**** SUPPLIED MATERIAL ****

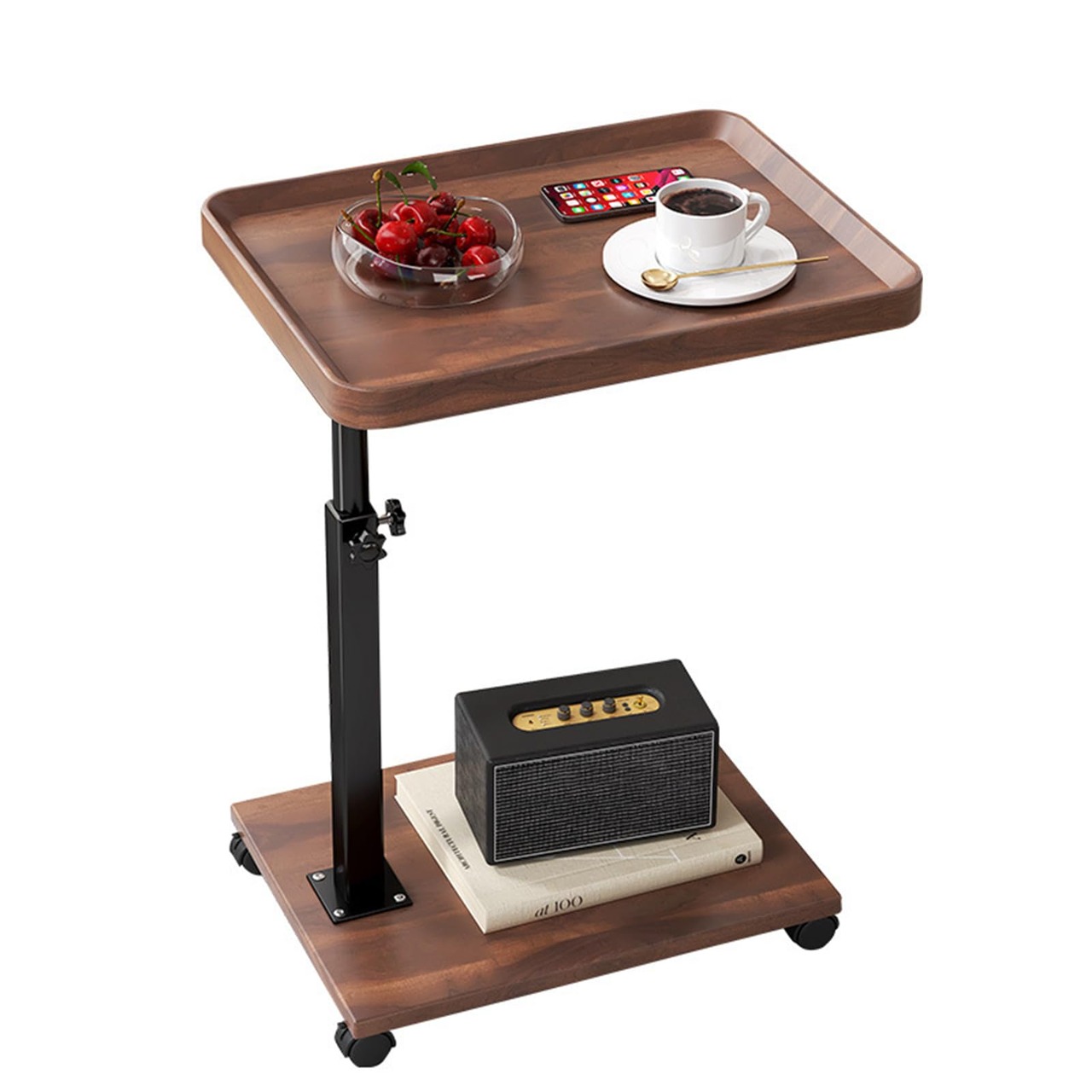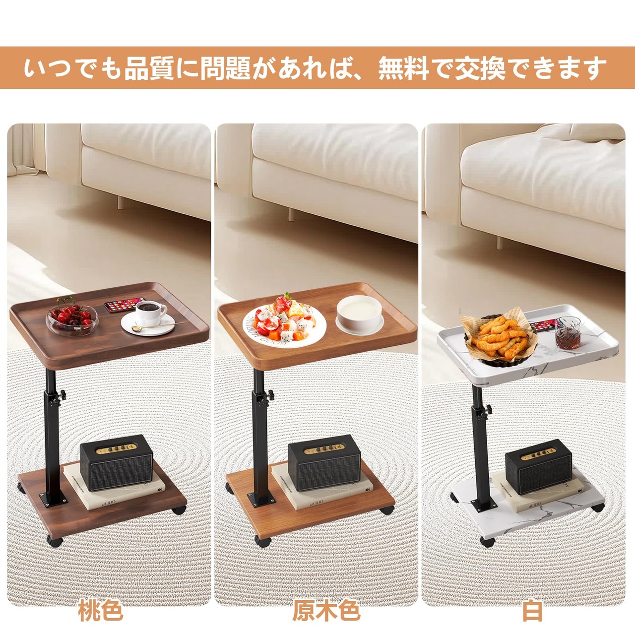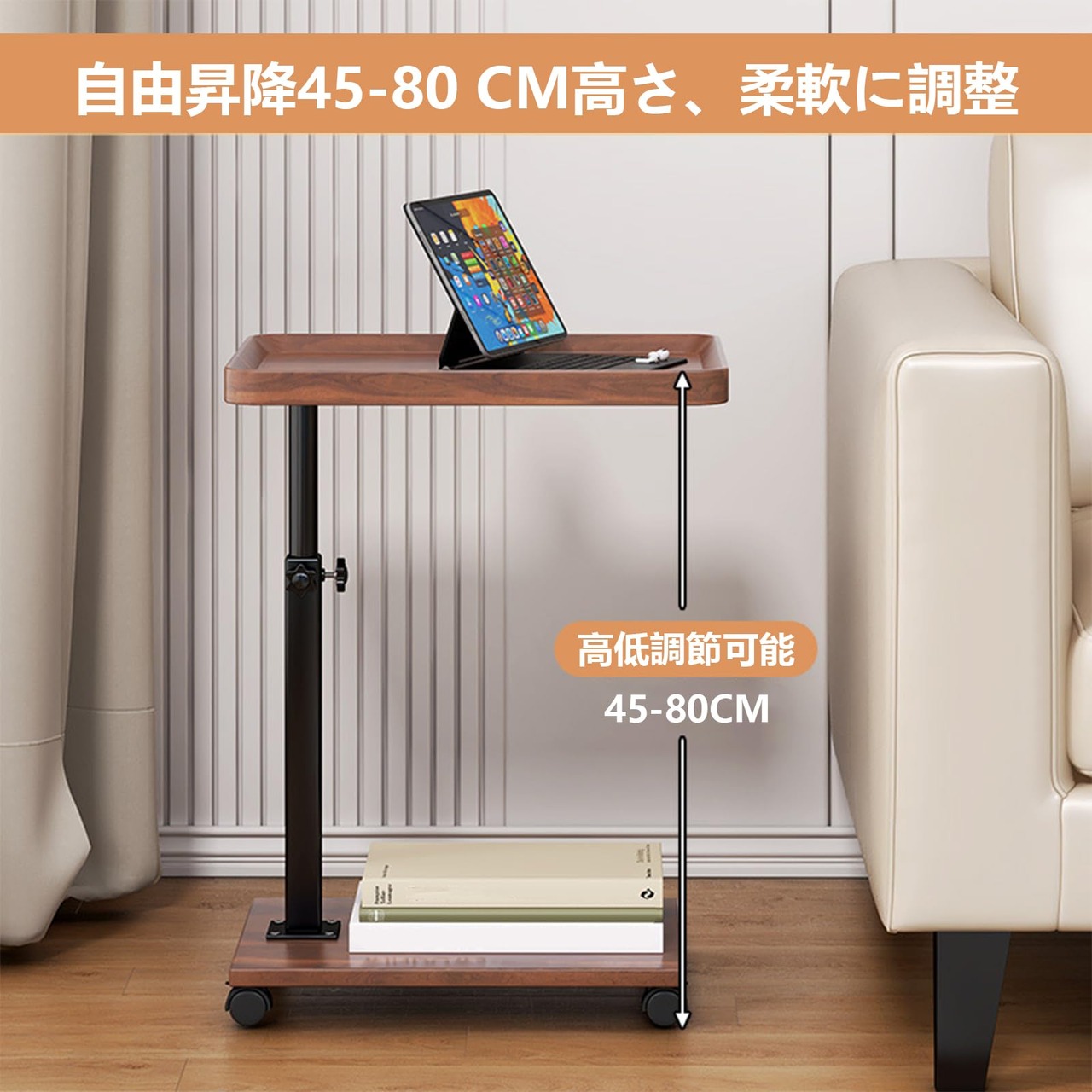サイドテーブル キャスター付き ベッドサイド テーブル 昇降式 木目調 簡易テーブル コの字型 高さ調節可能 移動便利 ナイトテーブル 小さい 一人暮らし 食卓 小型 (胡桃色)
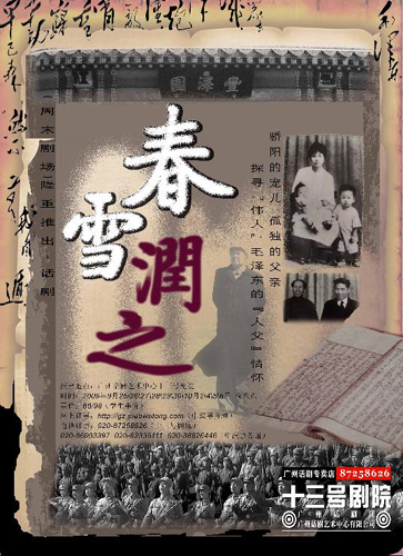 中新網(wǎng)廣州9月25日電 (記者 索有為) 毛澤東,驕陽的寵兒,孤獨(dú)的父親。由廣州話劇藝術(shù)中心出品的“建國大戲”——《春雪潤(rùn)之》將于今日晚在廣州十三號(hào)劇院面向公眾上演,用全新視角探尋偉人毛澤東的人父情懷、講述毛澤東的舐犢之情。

****
**** SUPPLIED MATERIAL ****

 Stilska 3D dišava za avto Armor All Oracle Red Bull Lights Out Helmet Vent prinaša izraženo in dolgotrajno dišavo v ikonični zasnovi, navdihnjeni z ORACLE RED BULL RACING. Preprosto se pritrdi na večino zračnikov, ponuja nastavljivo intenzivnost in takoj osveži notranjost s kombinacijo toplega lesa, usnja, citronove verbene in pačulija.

****
**** SUPPLIED MATERIAL ****

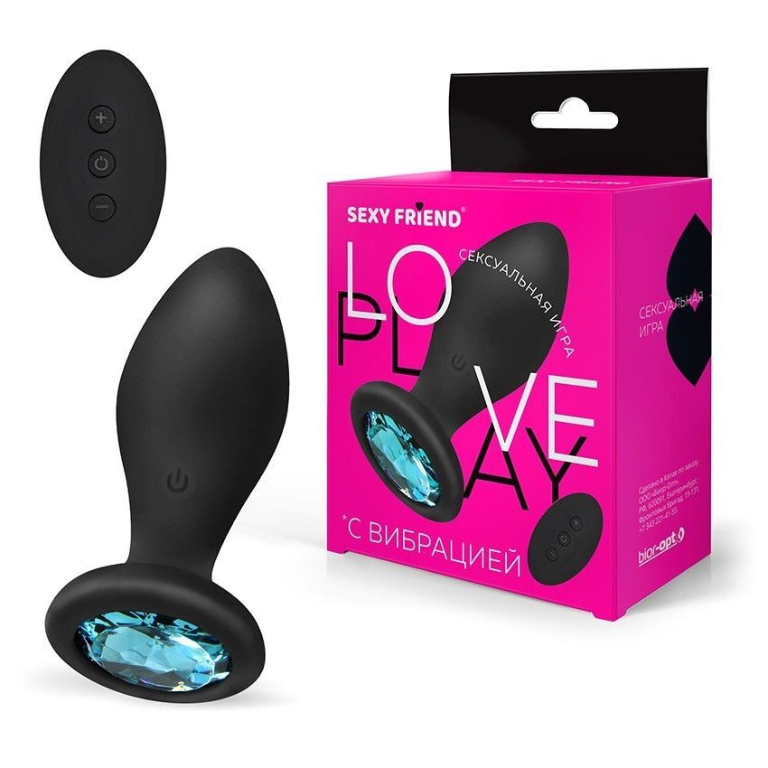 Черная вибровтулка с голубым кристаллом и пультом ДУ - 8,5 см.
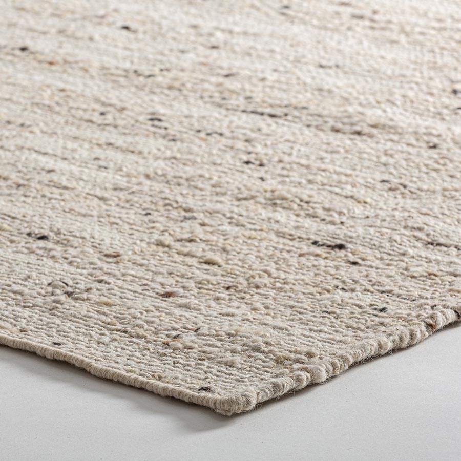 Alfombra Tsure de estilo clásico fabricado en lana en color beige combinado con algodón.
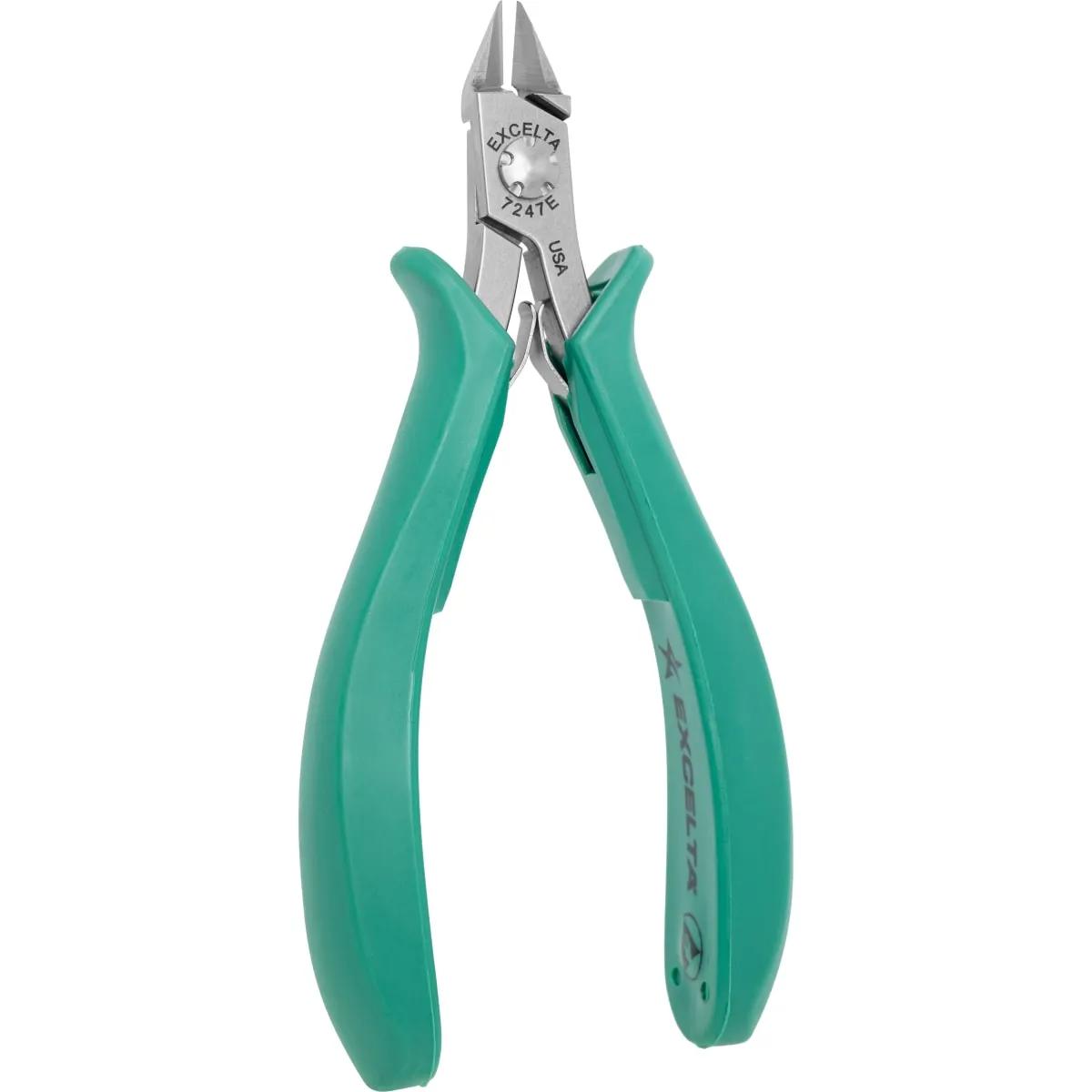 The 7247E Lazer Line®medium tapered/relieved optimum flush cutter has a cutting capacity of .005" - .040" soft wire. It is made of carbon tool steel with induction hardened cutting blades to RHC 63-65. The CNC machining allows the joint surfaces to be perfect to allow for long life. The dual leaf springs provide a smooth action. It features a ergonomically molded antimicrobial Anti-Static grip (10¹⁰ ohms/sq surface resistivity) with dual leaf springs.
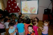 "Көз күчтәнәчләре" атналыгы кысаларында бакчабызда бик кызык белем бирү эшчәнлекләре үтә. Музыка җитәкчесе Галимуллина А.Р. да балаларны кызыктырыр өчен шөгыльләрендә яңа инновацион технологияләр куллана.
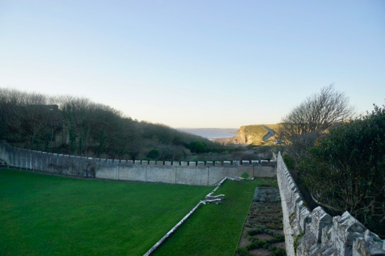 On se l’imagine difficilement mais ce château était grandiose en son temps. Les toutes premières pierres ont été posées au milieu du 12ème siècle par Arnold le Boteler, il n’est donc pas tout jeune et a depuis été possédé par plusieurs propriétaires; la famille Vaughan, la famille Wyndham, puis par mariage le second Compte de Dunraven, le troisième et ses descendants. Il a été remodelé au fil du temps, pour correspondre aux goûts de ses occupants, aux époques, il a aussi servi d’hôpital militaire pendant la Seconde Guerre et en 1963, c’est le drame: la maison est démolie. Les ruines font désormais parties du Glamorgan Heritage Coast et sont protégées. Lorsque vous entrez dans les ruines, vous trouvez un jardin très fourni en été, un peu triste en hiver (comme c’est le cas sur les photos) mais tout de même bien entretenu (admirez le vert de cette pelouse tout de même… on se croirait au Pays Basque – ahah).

****

* _EXERCISE OBJECTIVE_
Look through the material above. Transcribe exactly the lines between the ones with "サイドテーブル キャスター付き ベッドサイド" and "中新網(wǎng)廣州9月25日電 (記者 索有為)", inclusive, and keep pictures out.

* _TASK RESPONSE_
サイドテーブル キャスター付き ベッドサイド テーブル 昇降式 木目調 簡易テーブル コの字型 高さ調節可能 移動便利 ナイトテーブル 小さい 一人暮らし 食卓 小型 (胡桃色)
 中新網(wǎng)廣州9月25日電 (記者 索有為) 毛澤東,驕陽的寵兒,孤獨(dú)的父親。由廣州話劇藝術(shù)中心出品的“建國大戲”——《春雪潤(rùn)之》將于今日晚在廣州十三號(hào)劇院面向公眾上演,用全新視角探尋偉人毛澤東的人父情懷、講述毛澤東的舐犢之情。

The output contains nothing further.